Los murciélagos revolotearon sobre sus cabezas, mientras la luz roja de los cristales del gran rosetón brillaba intensamente frente a ellas. El lugar al que las tres habían llegado no era otro que las puertas de la mansión de Noah

 

  *

 

 —Quédense aquí, no se muevan sin pensar, es peligroso. —Ante la advertencia de Eru. Luna, que conocía las circunstancias, le deseó buena suerte con una reverencia. Eve por otro lado, solo ladeo la cabeza aún más confundida. 

Al ver esto Luna comenzó a explicarle a la demonio todo sobre la vampiresa dueña de la mansión. Para Eve, un tercero que no sabía nada, escuchar toda la historia acerca de la relación entre de la Princesa Vampiro y Eru sonaba como algo completamente absurdo. Después de todo, para ella era ilógico que alguien a quien consideraba una conocida la atacara en cada ocasión que la visitaba.

Al momento en que Eru cruzo la entrada de la mansión, todo su cuerpo entro en estado de alerta, preparándose para enfrentarse a las lanzas y dagas que pronto vendrían volando a su cabeza mientras sus sentidos se agudizaban atentos al menor cambio en su entorno.

Pero luego de una larga espera cada vez más impaciente por recibir el ataque del día, para su sorpresa, este nunca llego. Eru no pudo evitar fruncir el ceño ante la inusual situación.  Esta fue la primera vez en donde no recibía ninguno de los habituales ataques de las sirvientas de la vampiresa.

 —Um... ¿eh? 

 —Adiós, nuestro «Ancestro», que tenga un buen día. —Dos voces una tan dulce como una flor y otra tan fría como el hielo, resonaron en el aire.

Antes de darse cuenta, Noah inesperadamente había salido de la mansión, flanqueada por sus dos sirvientas gemelas, y para sorpresa del ángel, la vampiresa no cargaba a Hatsune con ella, pero la vista por sí sola de esas tres juntas, alineadas con tal gracia frente a la entrada, era tan hermosa como una pintura.

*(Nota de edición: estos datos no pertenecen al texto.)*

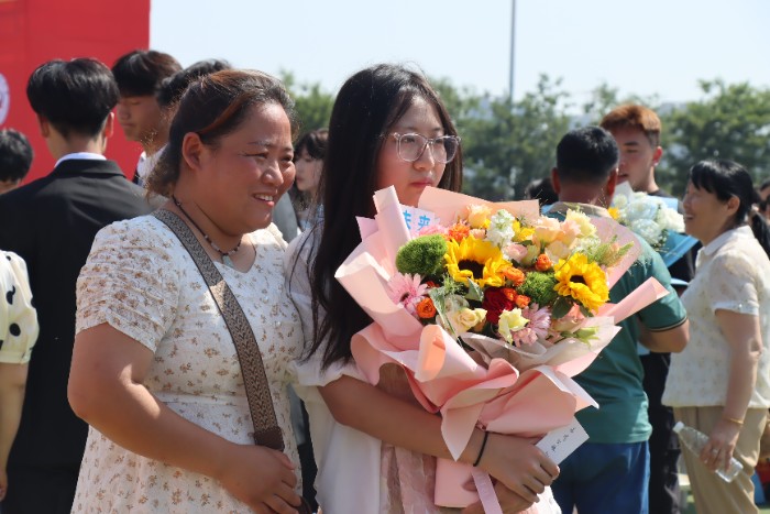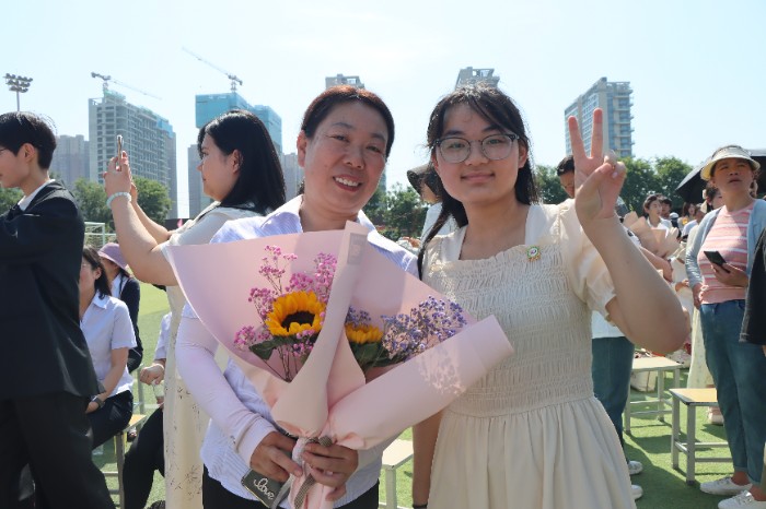 畢業(yè)典禮在開(kāi)場(chǎng)節(jié)目《一起向未來(lái)》中拉開(kāi)了帷幕。高二同學(xué)們用嘹亮的歌聲和熱情洋溢的精彩表演為學(xué)長(zhǎng)學(xué)姐們加油鼓舞,為他們送上最真摯的祝福。 第一項(xiàng),奏國(guó)歌,全體起立,行注目禮。當(dāng)國(guó)歌響起,高三學(xué)子們莊嚴(yán)肅立,在國(guó)歌的見(jiàn)證下,心系家國(guó),立志成才。 第二項(xiàng),杜橋中學(xué)校長(zhǎng)賀啟發(fā)寄語(yǔ)。賀啟發(fā)代表學(xué)校向奮發(fā)有為、長(zhǎng)大成人的高三學(xué)子表示最熱烈的祝賀,同時(shí)對(duì)辛勤付出的家長(zhǎng)與老師表示最衷心的感謝。他期望學(xué)生們能始終不忘學(xué)習(xí),勇于突破,逐夢(mèng)遠(yuǎn)航,心懷“國(guó)之大者”,志存高遠(yuǎn),立志篤行,并祝愿學(xué)生們高考如愿以償,金榜題名,未來(lái)的人生繁花似錦,前程遠(yuǎn)大。 第三項(xiàng),培優(yōu)年級(jí)高三(19)班楊李卓凡家長(zhǎng)發(fā)言。他作為家長(zhǎng)代表向?qū)W校精心育人表達(dá)了由衷感謝,向同學(xué)們步入成年人行列表示祝賀。他希望同學(xué)們用平和的心態(tài)、十二分的信心、百倍的努力、頑強(qiáng)的毅力,不負(fù)青春韶華,為民族復(fù)興偉業(yè)展現(xiàn)青春作為、彰顯青春風(fēng)采、貢獻(xiàn)青春力量。 第四項(xiàng),教師代表馬昱婷老師發(fā)言。馬昱婷代表高三全體教師祝賀同學(xué)們即將成長(zhǎng)為風(fēng)華正茂、勇攀高峰、不懈奮斗的熱血青年,希望同學(xué)們堅(jiān)定信念、勇往直前,以更加成熟的心態(tài)和更加堅(jiān)定的步伐,迎接人生的每一個(gè)挑戰(zhàn)和機(jī)遇,堅(jiān)定不移地追求遠(yuǎn)大理想,書(shū)寫(xiě)無(wú)悔青春。 第五項(xiàng),高三學(xué)生代表?xiàng)罾钭糠舶l(fā)言。楊李卓凡回顧了自己高中三年的成長(zhǎng)歷程,感謝有同學(xué)朋友的安慰、父母的用心陪伴、老師的悉心開(kāi)導(dǎo),使她走出了高三緊張、焦慮和忐忑的情緒困境。她祝愿同學(xué)們?cè)诟呖贾薪鸢耦}名,用青春譜寫(xiě)人生新的篇章,做自己人生的主角,做最好的自己! 第六項(xiàng),家長(zhǎng)給學(xué)生佩戴畢業(yè)紀(jì)念章,班主任代表學(xué)校給學(xué)生贈(zèng)送《憲法》,學(xué)生代表給科任老師獻(xiàn)花。

Acompañada de sus dos criadas la vampiresa con una elegancia digna de una princesa, agito su mano despidiendo a su visita girando su sombrilla, mientras Cian y Ethyl, realizaban una impecable reverencia tan perfecta como se esperaría de una sirvienta.

Bajo la atenta mirada de las tres y como si la presencia de un ángel de elite como Eru, no existiera en su campo de visión, el lujoso carruaje autónomo, decorado en tonos plateados y negros se puso en marcha

Una vez que el majestuoso carruaje se alejó, Noah con una dulce y gentil sonrisa en sus labios, finalmente noto la existencia de Eru.

 —Oh Eru. Justo ahora Noah, tenía un invitado

 —El «Ancestro»… El origen y la cúspide de los vampiros. 

 —Oh, correcto...…. Como siempre estás bien informada.

 —¿Eso importa? ¿Por qué se molestaría en venir aquí por su propia voluntad? ¿Eso siguiera es posible? 

Los vampiros eran una raza de inmortales. Y entre ellos, el que más tiempo llevaba con vida, aquel que representaba el origen de todos ellos, era el «Ancestro». Un simple vampiro de clase baja ni siquiera podría soñar con vislumbrar la sombra de ese «Ancestro», el solo hecho de que tal existencia se dignase a visitar en persona a Noah, era una anomalía. Para Eru incluso, era aterrador, sin embargo, Noah ladeo la cabeza con indiferencia, como si tal evento no fuera algo por lo que ella debiera preocuparse particularmente

 —Es inevitable que él se presente aquí, ¿sino de que otra forma celebraríamos nuestras fiestas de té?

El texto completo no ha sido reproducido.